2008/03/01 Sat [Edit]

利き目

 写真を撮る上で最も基本となるのが持ち方・構え方です。カメラをしっかりと固定してシャッターボタンを押せないとカメラが動いてブレた、いわゆる手ブレ写真になってしまいます。たまになんとなくシャープさに欠けた写真があるんだよなぁ。という人は、手ブレが原因なんてこともあるかもしれません。せっかくいいシーンが撮れたのに、手ブレやピンぼけだったらがっかりですよね。案外、手ブレしている写真に気づいていない人って多いんじゃないでしょうか? 未だに僕も、ちゃんと撮れているように見えていて、拡大するとブレてるなんてことがあります。基本中の基本ですから、しっかりと構えられるように練習しましょう。実際の持ち方や構え方については取扱説明書に図解入りで詳しく載っていると思いますのでそちらを見ていただくとして、今回はファインダーを覗く目についてお話ししたいと思います。

 皆さんはファインダーを覗くとき左右どちらの目で覗いていますか?ファインダーを覗く目は右左どちらでも良いとされていますが、基本的には利き目で覗いている人が多いのではないでしょうか。

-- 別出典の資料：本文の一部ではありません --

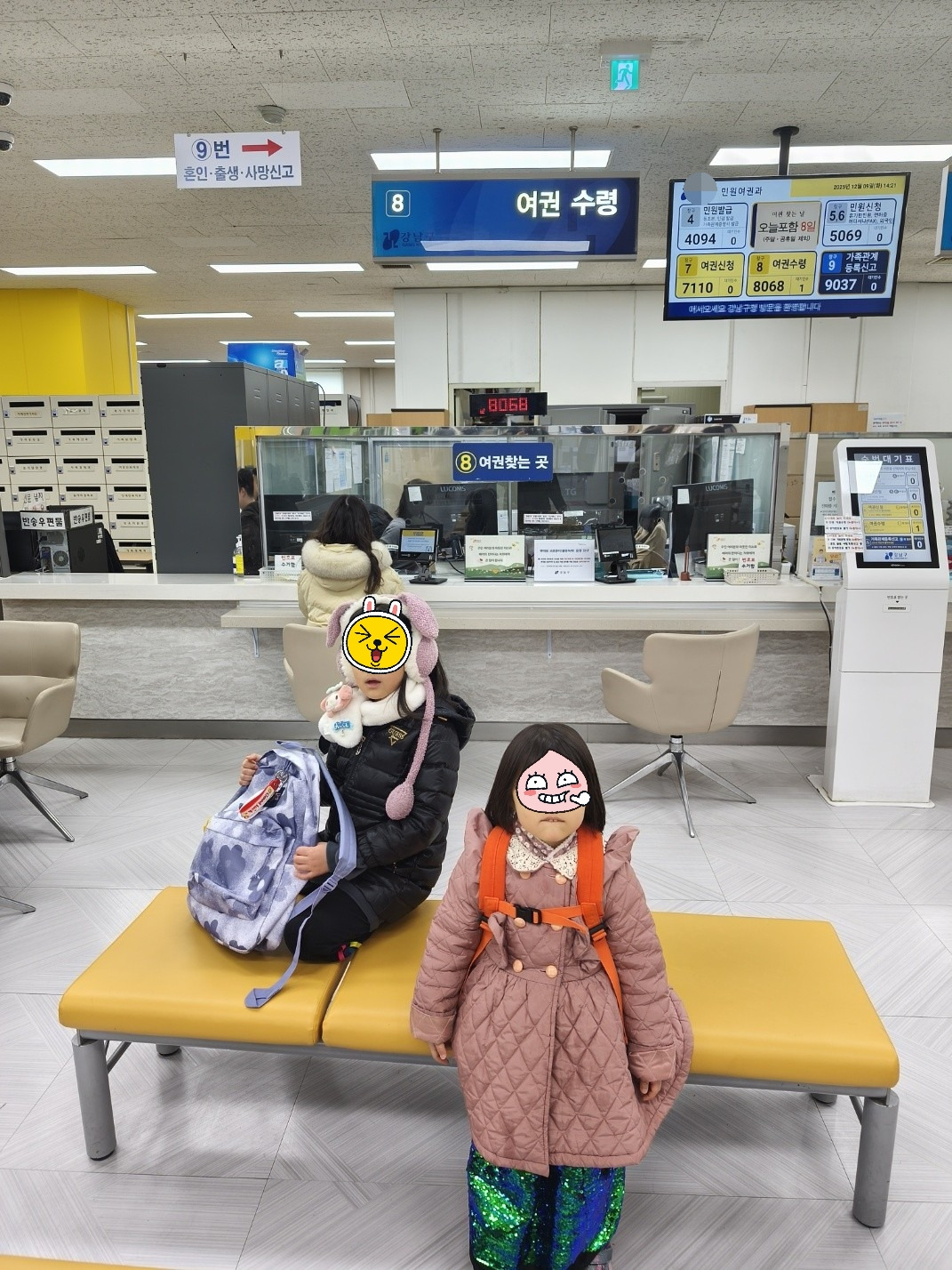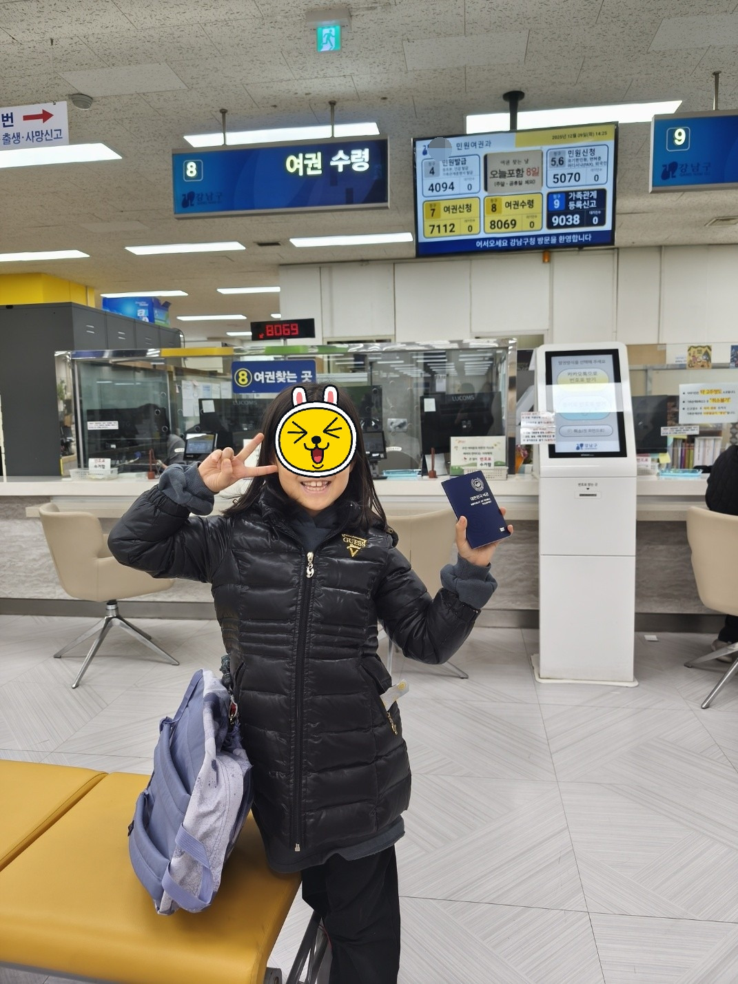 빛이는 한 번 와봤다고 힘찬 발걸음으로 하늘이의 길을 인도한다. 대기가 2명 밖에 없어서 거의 바로 받을 수 있었다. 딸의 생애 첫 여권을 받아 드니 왠지 모르게 경건해진다. 꿈같다.

ところで、ご自分の利き目が分からないというかたのために、簡単な調べ方をご紹介しておきましょう。まず、両目を開けたまま、できるだけ遠くにある一点を、腕をぴんと伸ばした状態で人差し指の先端で隠します。指はそのまま動かさず、右目だけ、左目だけと、左右交互に目を閉じてみましょう。少し早いリズムで踏切の点滅ランプよろしくパチパチとウィンクする感じです。その時、指さした一点が指で隠れている方が利き目です。以前、何度やっても両目とも同じように指さしたはずの点から離れているという人がいましたが、この人は左右平均的に見ているということになるんでしょうかね?不思議です。ついでに利き手の調べ方についても紹介しておきましょう。両の手のひらをキリストにお祈りをする形で合わせて握ります。この時、親指が手前に来ている方が利き手になります。もう一つ、両腕を胸の前で組みます。この時、上になった方の腕が利き手になります。ちなみに僕は右利きですが、左の親指が手前、右腕が上でした。紹介しておいてなんですが、利き手の調べ方に関しては個人差がありそうですね。

 どちらの目で覗いた方がいいの?と聞かれたら、僕は右目で覗くことを勧めています。なぜかというと、デジイチのファインダーは、本体の左寄りに付いていることが多く、右目でファインダーを覗いた状態でも左目で前方を確認できるようになっています。右目でファインダーを覗き構図を確認しながら、同時に左目でフレームの外を意識してシャッターを切ることができるため、カメラの前を横切る被写体を、背景や構図を意識したまま撮影することができます。タテ構図で撮る時も、左目の視界を確保するため、シャッターボタン側(右側)を上にして構えるようにしています。もし、右目が良いのか左目が良いのか悩まれた場合は参考にしてみてください。